1981年(昭和56年)にCEO(最高経営責任者)に就任した

ジャック・ウェルチ

は、

「業界でトップ2に入れる見込みのない分野は、撤退して他の企業に営業譲渡する」

というリストラ策を徹底しました。

そして、資金や人員を得意分野・成長見込分野に振り分けることで、増収増益を継続しました。

「大企業病」に苦しんでいたGEを変えた名経営者として、ウェルチはアメリカのみならず、日本などの外国でも持ち上げられました。
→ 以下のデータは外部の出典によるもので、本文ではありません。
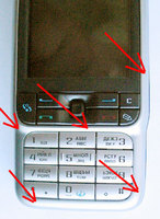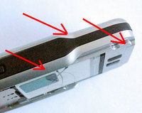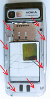 Внешность телефона сделана с акцентом на практичность. Здесь нет вычурных решений или стиля а-ля "закругленный ромб", как в Nokia 7610/6670. Дизайн аппарата строгий, даже можно сказать, аскетичный. Сменных панелей не предусмотрено, зато корпус не хрустит в руках. Нет глянцевых вставок, зато на панелях не видны отпечатки пальцев. Главное, что стоит отметить во внешности смартфона - мощный металлический каркас. Внешне он выглядит как металлическое окаймление периметра корпуса. На самом деле это не тонкая полоска алюминия, как это обычно делается из оформительских соображений, а лишь вершина айсберга, представляющего собой металлическую раму, на которой и крепятся все детали аппарата. Достаточно снять заднюю крышку, чтобы в этом убедиться - почти все заднее пространство занято металлическим каркасом. Сделан он из очень легкого сплава, вряд ли титана, так как мы легко царапали острым предметом, скорее что-то типа дюрали. Основное назначение металлического основания, очевидно, - придание всей конструкции прочности для защиты при падениях и ударах. Краш-тест мы, конечно, не устраивали, но впечатление об основательности и надежности корпуса у нас тем не менее осталось. Впрочем, мы не исключаем возможности проведения краш-теста Nokia 3230, только теперь это будет не просто любительский эксперимент наподобие того, как мы разбивали Siemens M65 и Nokia 5140. В тесте будет присутствовать и научная составляющая - телефон будет бросаться на гранитную поверхность с разных высот и под разными углами. Для эксперимента была смонтирована специальная установка в лаборатории Института Механики при МГУ. В скором времени "Мобильный Форум" начнет тестирование телефонов по критерию механической прочности - следите за новостями. А теперь мы вернемся к Nokia 3230. Ниже на фото мы показали стрелками металлические части телефона. На первый взгляд и не скажешь, что смартфон буквально закован в металл, но, как видим, так оно и есть. Надо сказать, что такой ход производителя очень оправдан для продукта, который будет продаваться большими тиражами.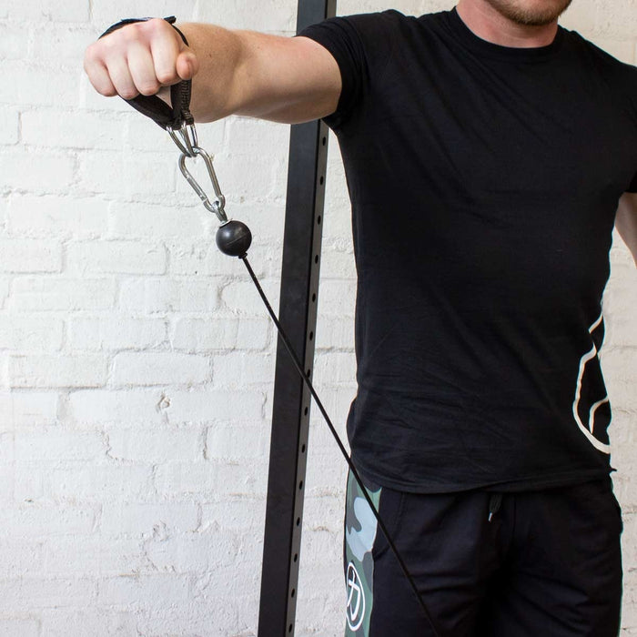 The neoprene material makes it comfortable to wear and the double D-rings provide a secure, stable loop to hook the cable machine onto.

従業員や部門丸ごとの廃止も、平然と行うウェルチは、憎悪の対象でもありましたが・・・。

 

日本企業も真似したが、根本を間違えて理解していた・・・。

日本でも多くの企業が、1990 年代頃から「選択と集中」戦略を真似し始めました。

しかし、それが大きな成果を上げたという話は、あまり聞くことがありませんでした。

そもそも、ウェルチはこの「選択と集中」を、多角化を否定する意味では使っていなかったそうです。

むしろ、廃止した事業分野よりも新規に始めた事業分野の方が、はるかに多かったとのこと。

しかし、日本企業では

「不採算部門廃止」

の方に重点が置かれ過ぎ、

「自社の強みを伸ばす」

「成長分野に参入する」

方は疎かにしたか、成果が出なかったということでしょう。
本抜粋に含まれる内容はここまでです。